Gleichzeitig weist der Verfasser ausdrücklich darauf hin, dass sich aus der statistischen Korrelation keine Ursache-Wirkungs-Beziehung ableiten lasse. Der verwendete Pearson-Korrelationskoeffizient erfasse lediglich die Stärke eines linearen Zusammenhangs. Seinen Angaben zufolge wurde daher nicht untersucht, ob ein höherer Migrantenanteil ursächlich zu einem höheren AfD-Stimmenanteil führt.

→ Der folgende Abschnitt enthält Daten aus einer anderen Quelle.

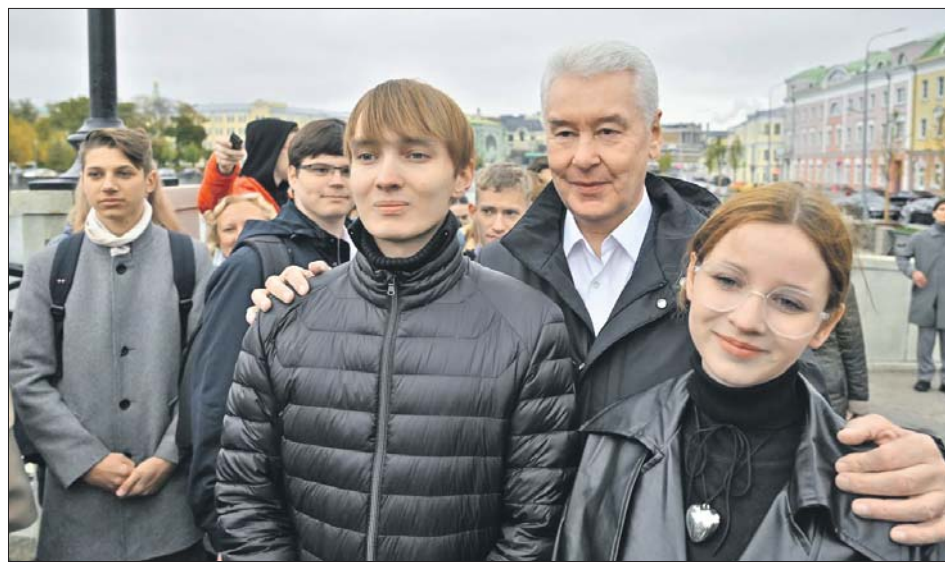
На Кадашёвской набережной Сергей Собянин пообщался с москвичами

— Одна из самых старинных набережных Москвы-реки — Кадашёвская набережная, историческая, и вот дошла до неё очередь. Мы соединили Овчинниковскую набережную, Якиманскую набережную, создав единый прогулочный маршрут. Так что можно действительно гулять и

Der Autor sieht in seinen Ergebnissen dennoch einen deutlichen Hinweis darauf, dass die verbreitete Annahme, AfD-Wähler entschieden sich vor allem wegen fehlender Kontakte zu Menschen mit Migrationshintergrund für die Partei, durch die Daten aus Bremen nicht gestützt wird. Die Analyse zeige stattdessen einen klar positiven statistischen Zusammenhang zwischen einem höheren Migrantenanteil und einem höheren AfD-Stimmenanteil in den untersuchten Ortsteilen.